ŞİDDETSİZ İLETİŞİM NEDİR?
Rosenberg’in kitabının Yeni Basıma Sunuş adlı bölümünde konuyla ilgili çalışmaları da bulunan Vivet Alevi, şiddetsiz iletişimi şu şekilde tanımlanıyor:
“Şiddetsiz iletişim, kalpten yaşama sanatı aslında. İçimizde canlı olan hayatı dürüstlükle, açık kalple tam olarak ifade edebilmek; aynı zamanda da karşımızdaki insanların içindeki canlı hayatı anlamaya yönelmek, merak ederek bağlantı kurmaya çalışmak. Yani şiddetsiz iletişim, aynı zamanda ilişki kurma sanatı.”
Yine kitabın önsözünü yazan Arun Ghandi (Ünlü insan hakları ve özgürlük mücadelecisi Mahatma Ghandi’nin torunu) şiddetsiz iletişimle ilgili olarak şunları söylüyor:
“Dedemden öğrendiğim pek çok şeyden birisi de, şiddetsizliğin derinliğini ve kapsamını anlamak ve hepimizin şiddet dolu olduğunu, bu yüzden de önce kendi davranışlarımızın niteliğinde bir değişim yaratmamız gerektiğini kabul etmekti. Çoğu zaman içimizdeki şiddeti kabul etmeyiz, çünkü bu konunun farkında değilizdir. Şiddet barındıran biri olmadığımızı varsayarız, çünkü bizim için şiddet demek kavga, cinayet, dayak, savaş demektir ve bunlar da normal insanların genelde yapmadıkları şeylerdir.”
Gerçekten de örneğin çoğumuz için düşünmeden verdiğimiz cevaplar ve otomatikleşmiş davranışlarımız yaşantımızda o kadar büyük yer kaplıyor ki neredeyse özgün, bize ait, bizim ürettiğimiz hiçbir görüş ve davranış yokmuş gibi görünüyor. Her durum, konu veya soru için hazır sözler, görüşler, yanıtlarımız var. Yeri geldiğinde herkes kendisine uygun cümleleri alıp kullanıyor. Bir tür askıda söz, askıda düşünce durumu gibi. Böyle olunca da birbirinin aynısı sözleri/cümleleri söyleyen bir sürü aynılaşmış insan görüntüsü ortaya çıkıyor. Ayrıca kendi söz dağarcığından olmayan insanları dışlayan ve düşmanlaştıran bir anlayış gelişiyor.
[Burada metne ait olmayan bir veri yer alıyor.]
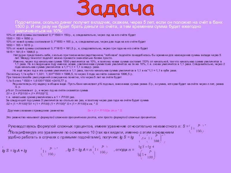 Руководствуясь формулой сложных процентов, имеем уравнение относительно неизвестного n: S = A

Belki daha da kötüsü çoğumuz, bize ait olmayan bu söz ve düşünceleri ifade ettiğimiz için kendimize bile yabancılaşan insanlara dönüşüyoruz.
Muhatabımızı gerçek anlamıyla dinleyip, onu anlayıp, onun üzerinde düşünerek bir görüş oluşturma süreci çok karşılaştığımız bir durum değil ne yazık ki. Onun yerine karşıdakinin sözlerinden hızlıca bir ipucu çıkarmaya ve ona karşılık hemen hazır cevaplarımızı yapıştırmaya çalışıyoruz.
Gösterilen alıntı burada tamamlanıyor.